WorkflowBowBlast runs automaticaly several tools to process raw Illumina reads, such as trimmomatic, bowtie2, bedtools genomecov and blastn.
git clone https://github.com/HeloiseMuller/WorkflowBowBlast
It is advised to create a new directory for each project, WorkflowBowBlast will create several directories for the outputs.
To use WorkflowBowBlast, one needs to set the configuration file which contains the location of the data, the choice of the tools to run with their location and some other parameters.
Then run the main script with
./main.sh config.txt
Here is an example of config.txt
#Directory of the project
dir=/home/usr/Project
#Path of the forward raw Illumina reads
rawIllumina=/home/usr/Project/Sequencing/X22DC1_1.fq.gz
#Name of the sample
sample=data
#Reference genome of the sample
path_species=/home/usr/ref/genome1.fasta
species=speciesA
#Reference species of a second species (comment if one does not need it)
path_species2=/home/usr/ref/genome2.fasta
species2=speciesB
#Scripts to run
integrity=FALSE
trimmomatic=FALSE
bowtie2=FALSE
coverage=FALSE
blastn=TRUE
parallel=FALSE
#Number of threads to use (even number)
threads=20
#Path of software to run
path_fastqc=/opt/FastQC-0.11.8/fastqc
path_trimmomatic=/opt/Trimmomatic-0.38/trimmomatic-0.38.jar
path_bowtie2=/opt/bowtie2-2.3.4.2
path_samtools=/opt/samtools-1.9/bin/samtools
path_bedtools=/usr/bin/bedtools
path_blastn=/usr/bin/blastn
dir=/home/user/Project is the directory of your project.
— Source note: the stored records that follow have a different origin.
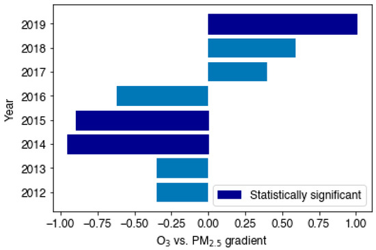 A horizontal bar graph depicting the changing O3 vs. PM2.5 gradients across the 10-year period at LMR, where data coverage was sufficient (>70%). Statistically significant annual plots at the 95% confidence level are shown in navy blue.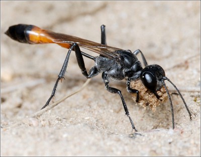 Аммофила #3 Несколько секунд, и оса появляется на поверхности с комочком песка, крепко зажав его между подбородком и передними ногами. Вот почему поблизости не видно следов строительства – аммофила взлетает и сбросывает груз на некотором расстоянии от норки. Очень предусмотрительно – ничто не выдаст врагам, где именно выкопано гнездо этой осы. |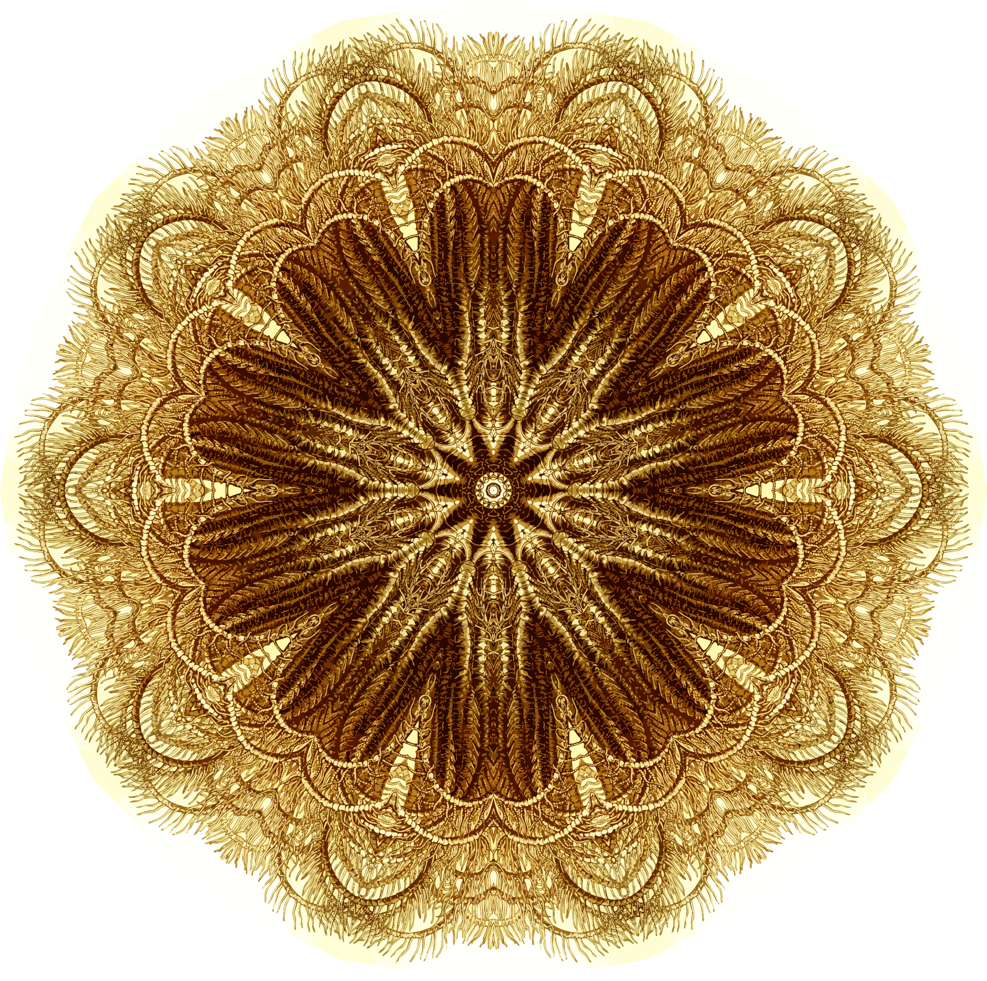 A design with approximate rotational symmetry formed from a drawing of echinoderms by Ernst Haeckel. The design was drawn as a PNG in Paint.net by repeated rotation of wedges of the drawing around a centre point. It was vectorized in Vector Magic
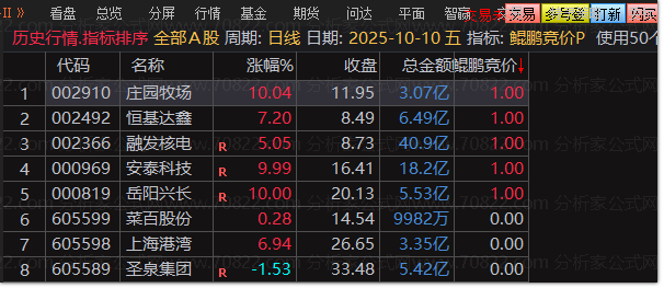 【鲲鹏竞价】擒龙术,早盘捕捉强势股的智能引擎,电脑手机端通用 ===== 2025/10/13 15:40:25 ====== 有朋友要求发今天的竞价选股结果:应了。 全部成功的。 精品从来不缺,缺的是发现! ===== 2025/10/12 9:40:25 ====== 鲲鹏竞价包含:排序副图1个和竞价选股1个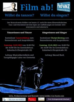 Der Musicalverein „Helden von heute e.V.“ sucht für seine Produktion „Film ab!“ im Jahr 2023 noch interessierte und talentierte Tänzer*innen und Sänger*innen.

All the outputs will be created in this directory.
rawIlumina=/home/usr/Project/Sequencing/X22DC1_1.fq.gz is the path of the raw Illumina forward reads. No need to specify the reverse reads, they need to be at the same location.
sample=data is the name of the sample on which one wants to run the workflow.sample cannot contain any dots.
path_species=/home/usr/ref/genome1.fasta is the path of the reference genome of the Illumina reads. The name of the species used in the outputs is $species. $species cannot contains any dots
path_species2=/home/usr/ref/genome2.fasta is the path of a reference genome of another species of interest. The name of this other species used in the outputs is $species2. $species2 cannot contains any dots. This second species should be used if one wants to look for chimeric reads between $species and $species2. If not, comment these options.
integrity, trimmomatic, bowtie2, coverage and blastn are the tools WorkflowBowBlast can run. They are detailed into more details thereafter. Set TRUE to run, FALSE to ignore them. parallele=TRUE allows WorkflowBowBlast run blastn without waiting the end of bowtie2 and coverage.
threads=20 set the total number of threads to use. If bowtie2=TRUE and blastn=TRUE, threads will be split between them if they run at the same time.
This option calculate the md5 of the raw sequencing reads and run fastqc
This option runs trimmomatic on the raw sequencing reads. For the following, one needs trimmed reads, so set trimmomatic=TRUE. If trimmomatic has already been ran, one can set trimmomatic=FALSE but check that the trimmed reads are located in $dir/trimmed_data/ and that they are named as follow: $sample_trimmed.1P.fq.gz, $sample_trimmed.2P.fq.gz, $sample_trimmed.1U.fq.gz and `$sample_trimmed.2U.fq.gz.
This option runs bowtie2 on the trimmed reads against genome. If genome2 is specified, it also run bowtie2 on this other genome independently. After bowtie2, the resulting sam files are turn into sorted bam files and merged together.
This option runs Bedtools genomecov on the output(s) of bowtie2. The output is a three colomns file, contening the sequencing depth at each position of the genome. Coverage also automatically calcluates the average sequencing depth over the genome and the percentage of genome covered at least once by the Illumina reads.
This option can be ran at the same time as bowtie2 if parallele=TRUE. In this case, threads will be equally shared between blastn and bowtie2.
This option firslty processes the trimmed fq.gz files to obtain one fasta file. If genome2 is specified, blastn is ran a first time on the fasta file against this genome2. Then, only reads that mapped on genome2 are mapped on genome1.If genome2 is commented, all reads of the fasta file are mapped on genome1.